I didn’t entirely understand Hess’s argument. There was something missing that I couldn’t quite put my finger on. Today, in a Room for Debate roundtable devoted to discussing Hess’s piece, Michael Petrilli fills in the missing link:
Over the past two decades, “tracking” as traditionally practiced has been virtually eliminated from the vast majority of America’s schools — with the exception of mathematics at the middle and high school levels. Whereas a typical middle school might once have had three tracks (remedial, regular and honors) for almost every academic subject, most schools have collapsed all this into one class. At the high school level, Advanced Placement courses — once reserved for the academic elite — have now been democratized through open-admissions policies. It’s “all together now,” in a very real way.

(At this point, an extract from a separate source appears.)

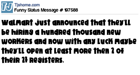 X is Walmart just announced that they'll be hiring a hundred thousand new workers and now with any luck maybe they'll open at least more then 2 of their 27 registers.

Aha! There are no advanced classes anymore? Everyone is just lumped together in a single classroom without regard to ability? I didn’t know that, which just goes to show how out of touch I am with modern schooling.
But wait. It only shows that if it’s actually true. But is it? There are certainly elementary school gifted programs still alive and well in lots of places. And as Petrilli says, high schools are practically crawling with AP classes these days — and democratized or not, AP classes are still honors classes even if they’ve been watered down a bit from their original ideal. That leaves only middle school, which I really don’t know anything about. But if tracking is, in practice, still alive in elementary school and high school, then there’s still quite a bit of tracking left.
So now I’m really confused. If this is really all about the demise of tracked classes, what’s the story? I know that placement of kids in “vocational” tracks mostly ended decades ago, but basic academic tracking still seems to be very widespread. So what’s the real complaint here? Teachers and parents with kids currently in school are invited to educate me in comments.